Ertesi gün Vardar planlarımızın gerçekleşmeyeceğini anlayınca bari Seyhan Baraj Gölü’ne gidelim dedik. Otelimizin taksi durağında Varda Köprüsü’nü sorduğumuz taksiciye gidip Baraj Gölü‘ne gitmek istiyoruz deyince önce bir bocaladı ama sanıyorum bizi götürecek daha iyi bir yer bulamadığından suyu kurumuştur ama götüreyim, Çoban Dede’yi ziyaret edersiniz dedi.
Seyhan Baraj Gölü’ne gittiğimizde niye götürmek istemediğini anladım. Mekan desen yok, su desen yok, Çoban Dede desen yokuş. Türbe ziyareti için değer mi? Yapacak bir şey bulamayınca değiyor işte. Dönüşte de taksicimiz beni çağırın dediğinden aradık geldi sağolsun.
Bize yolda da tavsiyelerde bulunmayı ihmal etmedi. Cezerye için Uğur’u, kebap için de Elem’i önerdi. Önce Uğur’dan karışık cezeryelerimizi aldık. Sonra Ramazanoğlu Medresesi’nin avlusunda bir şeyler içmek için soluklandık. Ardından Elem Ziyapaşa Restoran’a gidip kebaplarımızı yedik, humusu da meşhurmuş sanırım ama ben çok daha güzel yapıyorum. Birbiçer mi Elem mi derseniz lezzet olarak Birbiçer ama şık bir mekan olsun derseniz Elem’i tercih edebilirsiniz.
Adana’da bir tatlı da yemeyelim mi deyince tatlı adına hiçbir düzgün öneri bulamadığımızdan Doğan Kaymaklı Kadayıf‘a gittik. Kaymaklı kadayıf ve normal kadayıf aldık, kaymaklı dendiğine bakmayın adeta dondurmalı gibi hafif ama bence normal kadayıfı çok daha güzeldi.
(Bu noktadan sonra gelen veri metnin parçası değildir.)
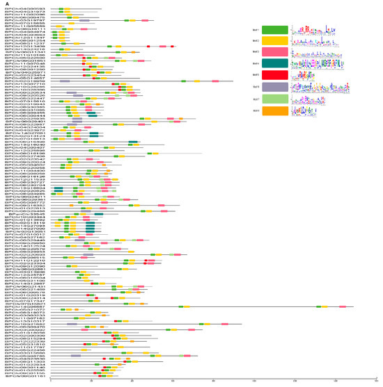 To characterize potential conserved motifs of the BpbHLH family, protein sequences of BpbHLH members were analyzed using the MEME software (http://meme-suite.org/, 13 March 2021) online. A total of eight conserved motifs (numbered 1 to 8) were identified (Figure 3A). The distribution of the important conserved motifs among BpbHLH proteins showed that members within the same group exhibited highly similar motif distributions (Figure 3A). There were 119 bHLH proteins containing the basic motif and 123 proteins containing the helix1 motif, representing highly conserved domains. Of the BpbHLH genes, 9.3% and 39.1% contained motif 3 and the helix2 motif, respectively. These results indicate the good conservation of the bHLH gene family in plant species. In addition, conserved protein motifs may contribute to their similar functions.

Dönüş vaktimizi de Atatürk Parkı‘nda kahvelerimizi yudumlayıp sonrasında da ışıklandırılmış ağaçların arasında oturarak geçerdik. Daha önceki gidişimizde kuruyemişlerini çok beğendiğimiz Nadir Kuruyemiş‘den de bavulumuza yer fıstığı ve Antep fıstıklarını attık. Musko‘dan da portakal kurusu aldım ama henüz kullanma fırsatım olmadı.
Döndüğümüzde ise çok yemekten mi yoksa zehirlendim mi bilemiyorum ama tüm yediklerimi çıkardığım sıkıntılı bir gece geçirdim. Belki de sadece nazardır.